Bottom line, it just wasn’t any fun. It was barely creative,
nothing fit together comfortably, and the point it tried to get across was
dumbed down so much even the 5-year old target market would have looked at it
and said “mommy, can I have a rice cake? I want something with more flavor.”
Sadly, what once was my teenage obsession again disappoints
me; the fact that this was a Japanese anime does not save the fact that it was
a crappy production (which is normally the sin of fan-children which is why
there’s a market for this genre in the first place). I give The Secret World of Arrietty 6
dustbusters out of 10, which I use to suck up these Borrowers so they can
wallow in filth and think about what they’ve done.
Oh BackLOG, how I've missed you!
ReplyDeleteI read "The Borrowers" as a kid and I remember it being a great adventure full of discoveries, secrets, and unlikely friendships. It's disappointing to hear that it's been turned into a maudlin bore. Such a waste of great source material.
I've never quite understood Disney's interest in these types of films either. It could be that, as you mentioned, they're attempting to give America a "soft" introduction to the art of anime, but Disney's target market has always been children...if the films had been released under a division of Disney that focused on a different audience I might understand, but I don't get how fire demons, faceless ghosts, and little girls trapped in spirit worlds say "kid's movie" to the studio.

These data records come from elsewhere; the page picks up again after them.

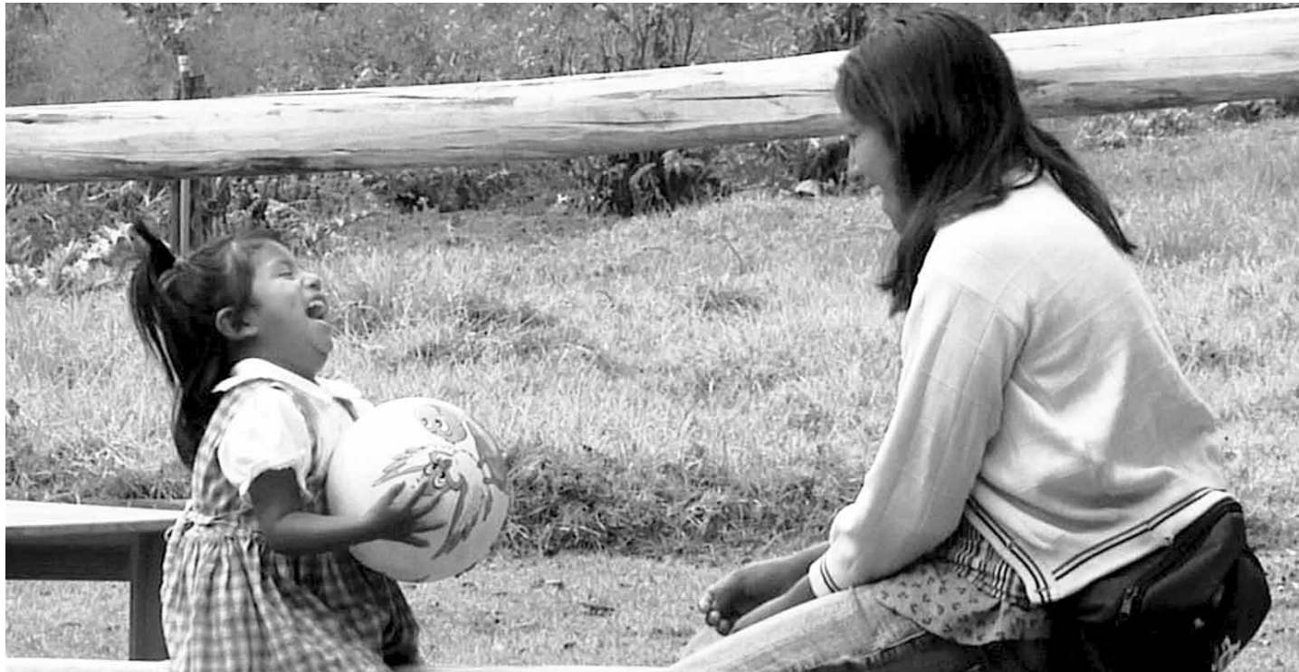
Escenas de Grandir , documental de estreno en OCHOYMEDIO.

GRANDIR , UN FILME DE ETTIENE MOINE Y BERNARD JOSSE, PRODUCIDO POR OCHOYMEDIO, SE ESTRENA EN LAS PANTALLAS DE NUESTROS CINES ESTE MES. UNA PELÍCULA QUE NOS INTRODUCE A UN LUGAR LLENO DE ESPERANZA Y CARIÑO.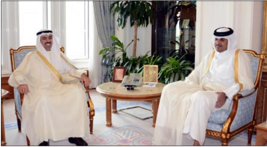
سمو ولي عهد قطر الشيخ تميم بن حمد آل ثاني مستقبلاً الراشد

جميعاً. من جهته، قال النائب ناصر الشمري إن العلاقات الكويتية - القطرية مثال يحتذى به للعلاقات الخليجية، مشيداً بسعي القيادة القطرية إلى وحدة الصف الخليجي وبذل الجهود الدبلوماسية إلى مزيد من التعاون فيما بين دول مجلس التعاون لصالح الشعوب الخليجية. وأضاف الشمري أن البرلمان الخليجي يسعون إلى تحقيق طموحات وآمال الشعوب الخليجية التي تريد الاستقرار والتقدم لأبناء الخليج بما يحقق الفائدة اقتصادياً واجتماعياً على الجميع.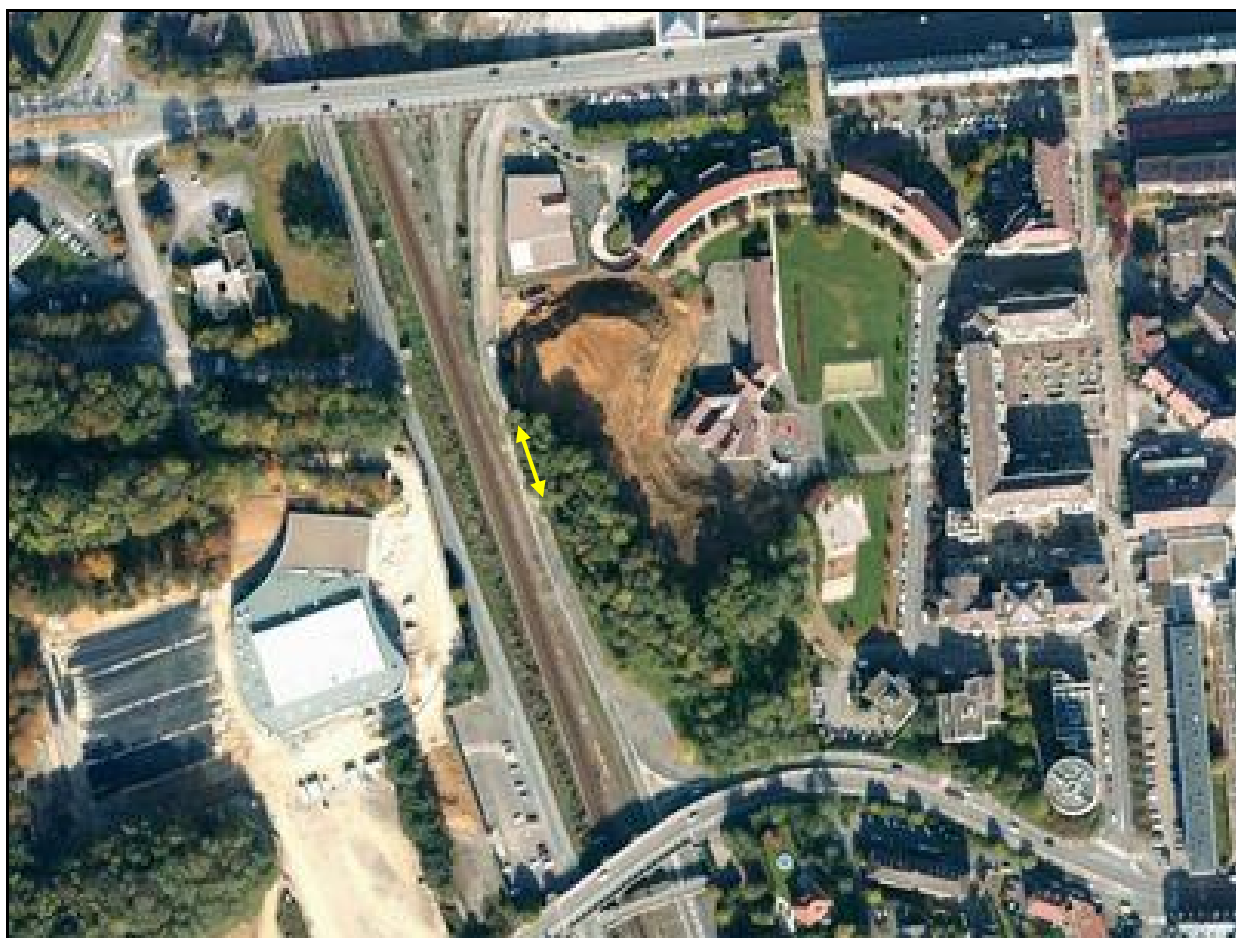
Vue aérienne de l'emplacement de la galerie

Si cette fiche comporte des erreurs ou des oublis, merci de nous le signaler.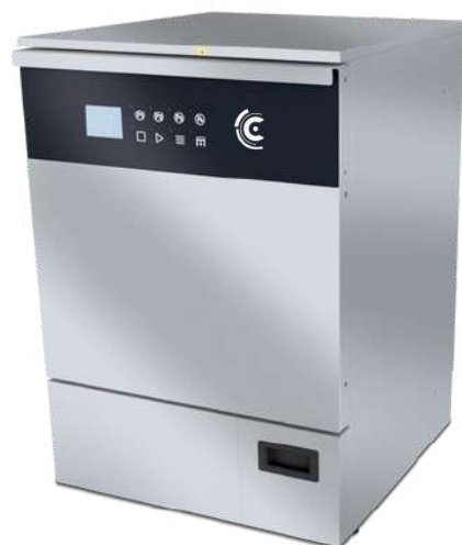
AWD655-8X-LAB Porte en acier inoxydable avec séchage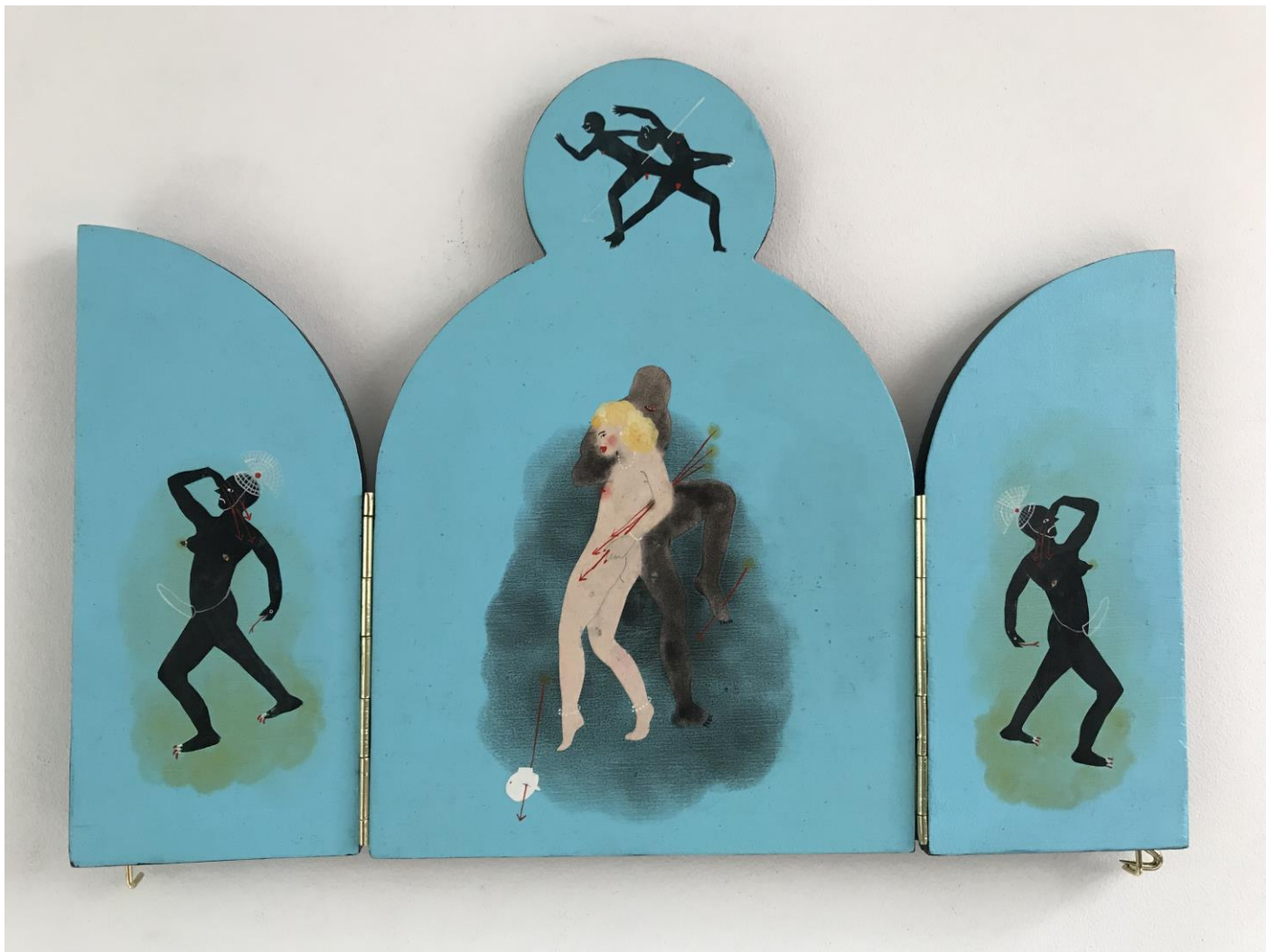
« La nuit est encore debout, c'est pour ça que je ne dors pas » (8) (ouvert / open) 2024, tech mixte sur bois / mixed media on wood, 28x26x2,5cm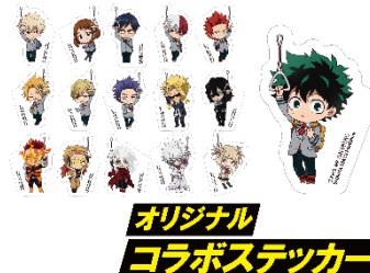
▲オリジナルコラボステッカー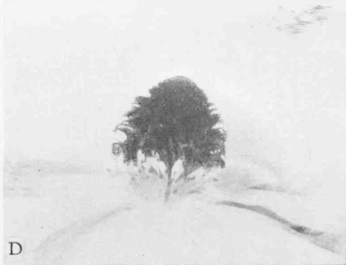
A, flor de una planta normal de Ranunculus asiaticus ; B, flor de una planta « andro-estéril » con anteras rudimentarias abortadas ; C, detalle de las anteras de una flor normal ; D, idem de una planta « andro-estéril ».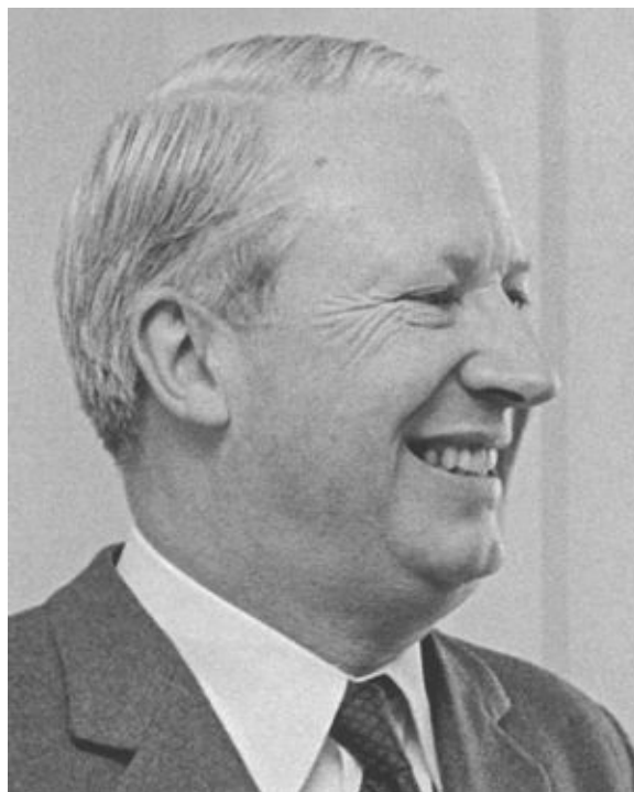
Эдвард Хит, премьер-министр Великобритании в 1970–1974 годах, в правительстве которого Тэтчер была министром образования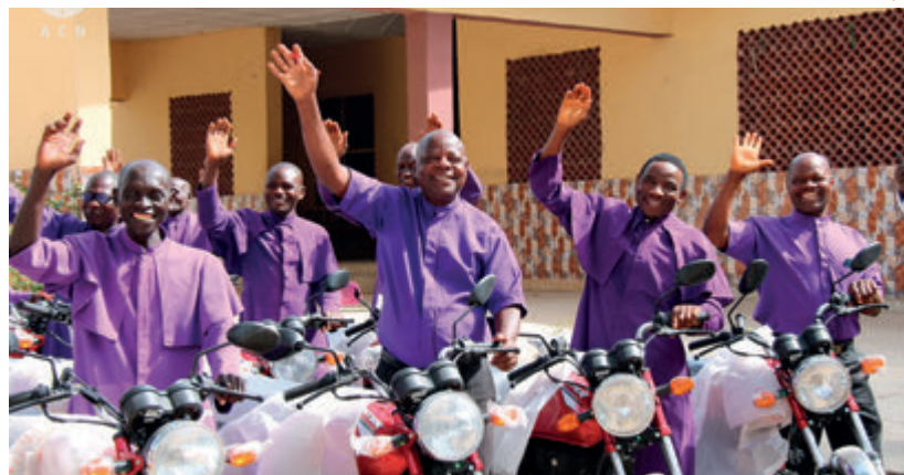
↑ Los catequistas de Nigeria evitarán secuestros gracias a las motos de ACN.

mis limitaciones. Con un corsé bajo el traje y un dolor acallado por la emoción, de la mano de mi mujer subí al escenario.

I enjoyed earlier Disney-distributed anime films ("Howl's Moving Castle" and "Spirited Away" specifically), but I think Arietty's world is going to remain a secret (to me, anyway). :)
Yeah, I remember in the books, death was a much bigger theme as Arrietty lost...I believe her aunt...or something and it just lingered.
ReplyDeleteI know that John Lassater loved Miyazaki, which started this whole nonsense, but now Disney's treatment of it is borderline what anime was when it first started getting popular, where it just seemed to have been put out there for the sake of doing so. Truer anime distributors have learned from these mistakes and have taken more care at what they put out.
Honestly, I feel that Disney could make a better showing if they devoted a little effort to the other films that make it out of the anime world that don't come from Studio Ghibli. Though I don't know what any of those would be, I have heard many a statement of "you need to watch this."
Glad to have you back also Mike! I have very much missed this! I hope you like the video...if you watched it :)
I did indeed, enjoyed the format very much. Looking forward to the next one. I'm about 5 minutes from the "cheapie theater" (as I call it), if you don't mind company I may just join you on one of your future outings.
DeleteI would like that! That was one of the benefits of this format was that I could invite people to it. I have to put up the review for Human Centipede 2 and I'll decide what movie 3 will be.
ReplyDeletewhat the hell? Arrietty was an awesome movie!